Scroll saw basics have gotten complicated with all the blade options and specialty techniques flying around. As someone who started scroll sawing as a teenager cutting out wooden ornaments in my dad’s garage, I learned everything there is to know about blade selection and pattern cutting over the years. Today, I will share it all with you.
What a Scroll Saw Actually Does Best
A scroll saw is not just a small bandsaw. It does something no other saw in your shop can do — it cuts intricate interior shapes. You drill a hole, thread the blade through it, and cut from the inside out. Try that on a bandsaw. That’s what makes the scroll saw endearing to us woodworkers who love detailed work — it lets you cut things that are simply impossible with other tools.
The thin blades turn incredibly tight curves. We are talking quarter-inch radius turns on some of the finer blades. Fretwork, intarsia, puzzles, jewelry boxes with cutout patterns — this is scroll saw territory. Delicate work is the specialty, and once you get comfortable with the machine, you will find yourself designing projects just because you can cut them.
Blade Selection — Getting This Right Matters Most
Probably should have led with this section, honestly. The blade makes or breaks your scroll saw experience, and most beginners never get past the generic blades that come in the box.
Skip tooth blades are your workhorse for most wood cutting. The missing teeth create space for sawdust to clear, which means less burning and smoother cuts. I use skip tooth blades for ninety percent of my cutting. Number five is a good all-around size for three-quarter-inch stock.
Spiral blades cut in all directions, which means you can change direction without rotating the workpiece. Sounds amazing, right? It is, for certain applications. But the cut is wider and rougher than a standard blade. I use spirals for rough work and inside cuts where I need maneuverability. For anything that shows, I go back to standard blades.
Finer teeth give you a smoother cut for delicate work. A number two or number three blade on thin hardwood produces a cut so clean it barely needs sanding. Coarser teeth — number seven, number nine — cut faster through thick stock but leave a rougher edge. Match the blade to the job. I keep a whole drawer organized by blade number so I can swap quickly.
Tensioning Your Blade Properly
Blade tension is the single most overlooked adjustment on a scroll saw. Proper tension prevents the blade from wandering left or right during a cut. Too loose and the blade deflects, giving you angled cuts that are wider at the bottom than the top. Too tight and you will snap blades constantly, which gets expensive and frustrating fast.

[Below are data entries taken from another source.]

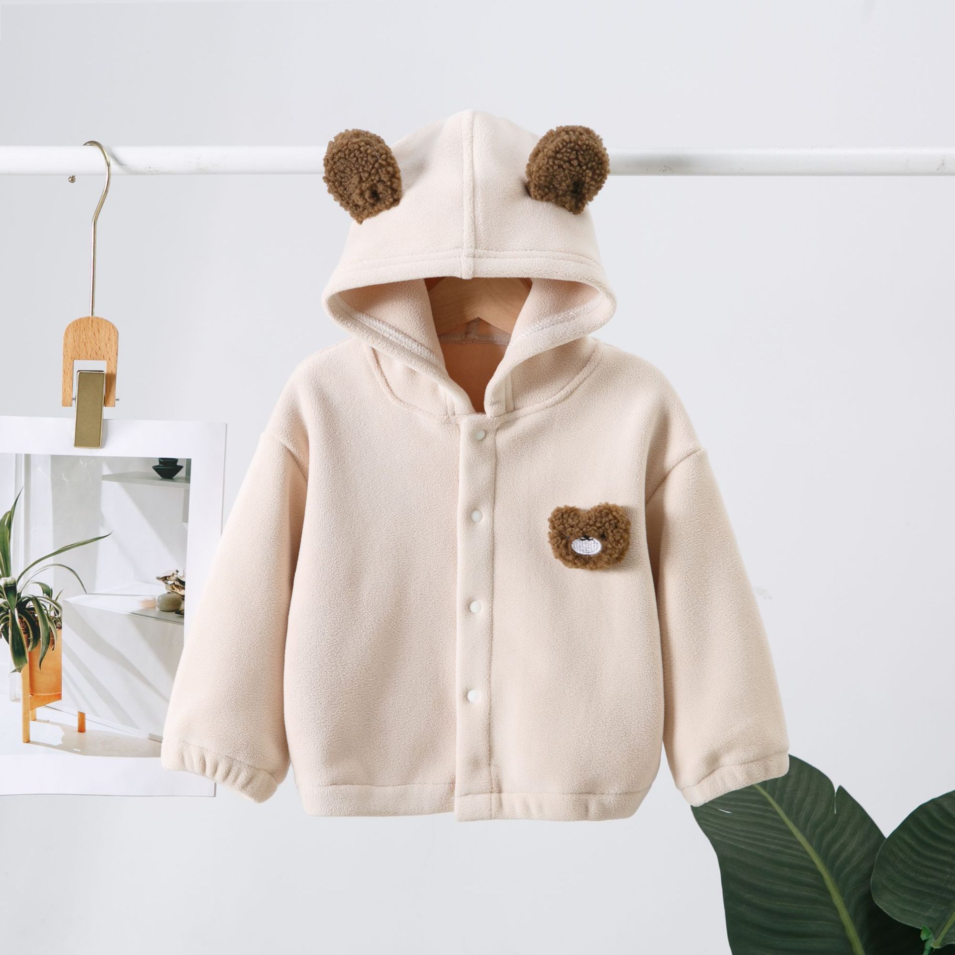2024 새로운 스타일 외부 따뜻한 아기 소녀 가을 및 겨울 캐주얼 탑 기모 두꺼운 아기 후드 만화 자켓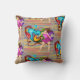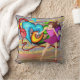 Garota com cabelos castanhos compridos dançando e um fundo de parede de grafite. Um lado do travesseiro tem um impressão grande e o outro lado tem um padrão de repetição menor. Há uma série dessas impressões com caracteres diferentes.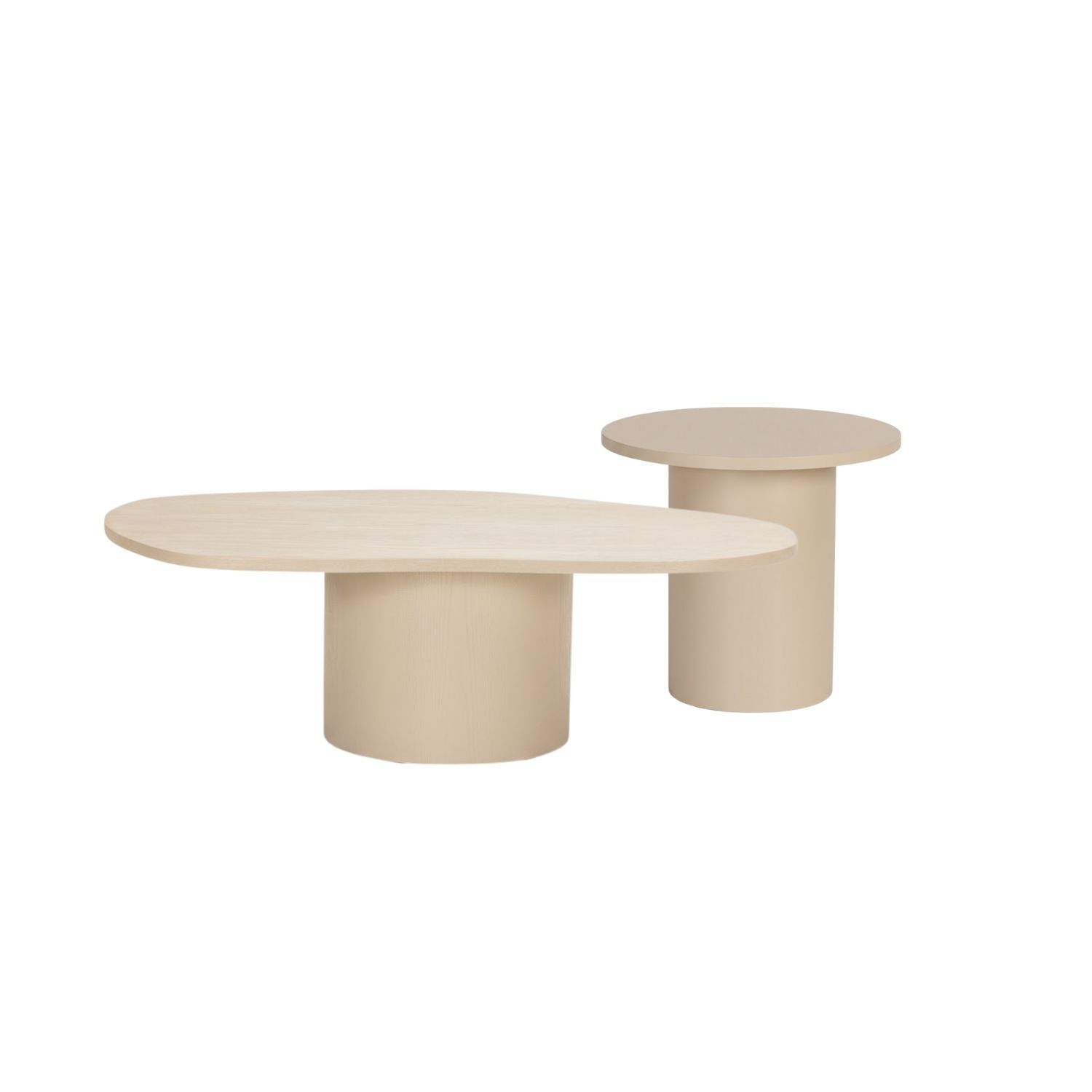 The Taman Coffee Table set offers a seamless blend of organic beauty and modern aesthetics, with its fluid shape and oak construction. Elevate your living space with this striking trio, bringing a touch of elegance to your home while providing functional and flexible coffee table options.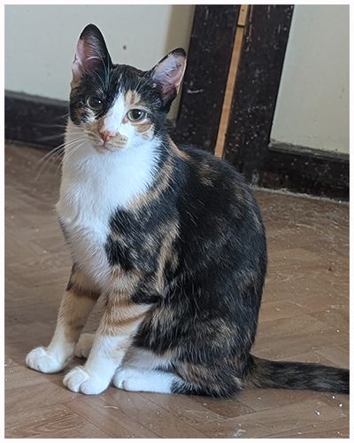 Cleo ist auf der Straße geboren und Menschen gegenüber äußerst misstrauisch, sie hing sehr an ihrer Mama und war auch die ganze Zeit mit ihr und später ihren kleinen Geschwistern zusammen. Nach der Kastration von Greta wollte diese aber weder von ihren kleinen Kitten, noch von ihrer großen Tochter mehr was wissen, so ist Cleo bei ihren Geschwistern geblieben und später auch mit anderen Kitten zusammen, die mit in die Gruppe kamen. Momentan ist nur noch der kleine schwarze Baghira übrig geblieben, an dem sie sehr hängt.

Here is the test I use. Pluck the blade like a guitar string. It should give a clear, high-pitched ping. A dull thud means it is too loose. If it barely moves when you pluck it, back off the tension a quarter turn. Every blade type takes slightly different tension, so check each time you swap.
Technique Tips From Years of Cutting
Feed slowly. The number one mistake I see beginners make is pushing too hard and too fast. Let the blade do the cutting. Your job is to steer. If you are forcing the wood into the blade, either your blade is dull or you are trying to cut faster than the blade can handle.
Turn the work, not the blade. This is counterintuitive at first, but you will get much smoother curves by rotating the workpiece around the blade rather than trying to steer the blade through the wood. I use both hands on the piece and make small rotational adjustments as I go.
Practice on scrap first. Every new pattern or blade type deserves a few test cuts before you commit to your good wood. I keep a stack of quarter-inch plywood scraps next to my scroll saw for exactly this purpose. Five minutes of practice saves you from costly mistakes on the real thing.